Before plunging into Saturn's atmosphere on 15 September, Cassini spacecraft took a last look at the planet and captured a series of images using its wide angle camera. Now, in a fitting farewell to the spacecraft's 13-year long mission, Nasa has combined those photographs to release one final shot of the gas giant and its gorgeous icy rings.

The image, as the agency describes, is mosaic of as many as 42 shots of a total of 80 wide-angle images that Cassini took during the last leg of its mission. Taken with red, green and blue spectral filters, these images cover the entire planet and its rings from one end to another and have been stitched together into one natural colour shot.

According to Nasa, the picturesque view also includes Saturn's six famous moons — Prometheus, Pandora, Janus, Epimetheus, Mimas, and Enceladus — and numerous stars, but they're too faint to see easily.

The images were taken when Cassini was approximately 1.1 million kilometres from Saturn, on its final approach to the planet.
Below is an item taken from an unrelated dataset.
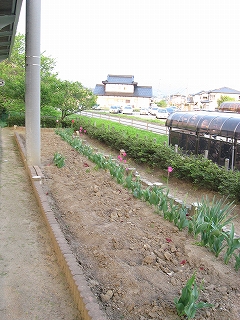 裏に面したホームに行くと、良川駅花壇というのがあった。しかし、どのチューリップも傘のようなもので花がなぎ払われていて、土の上に 花や葉が散らばっている。ちょうど関東のS県で街のチューリップが軒並みなぎ払われ、当局が器物損壊で捜査しているとニュースになっていたので、これもそうかと考えたのだが、球根を守るため、地元の人が早くに切ったのかもしれない、そうだ、と にわかに期待しはじめ、不穏な考えを遠ざけつつあった。むろんその可能性は低そうだった。というのも、ここはあくまで鑑賞の場だし、仮にそうでなくても、花壇くらいなら切った花は回収しそうだからだった。

The agency says Cassini's imaging team had been planning this farewell view of Saturn for years.

"For 37 years, Voyager 1's last view of Saturn has been, for me, one of the most evocative images ever taken in the exploration of the solar system," said Carolyn Porco, former Voyager imaging team member and Cassini's imaging team leader at the Space Science Institute in Boulder, Colorado.

"In a similar vein, this 'Farewell to Saturn' will forevermore serve as a reminder of the dramatic conclusion to that wondrous time humankind spent in intimate study of our Sun's most iconic planetary system."

Cassini final image
Annotated version of the mosaic created from the final images taken by Cassini NASA/JPL-Caltech/Space Science Institute

After launching in 1997, Cassini orbited Saturn between 2004 and September 2017. The spacecraft not only produced some brilliant shots of the gas giant, but also got useful insights into its rings and moons before ending its mission with a death dive into its atmosphere.

The Cassini-Huygens mission has been a cooperative project of Nasa, the European Space Agency (ESA) and the Italian Space Agency.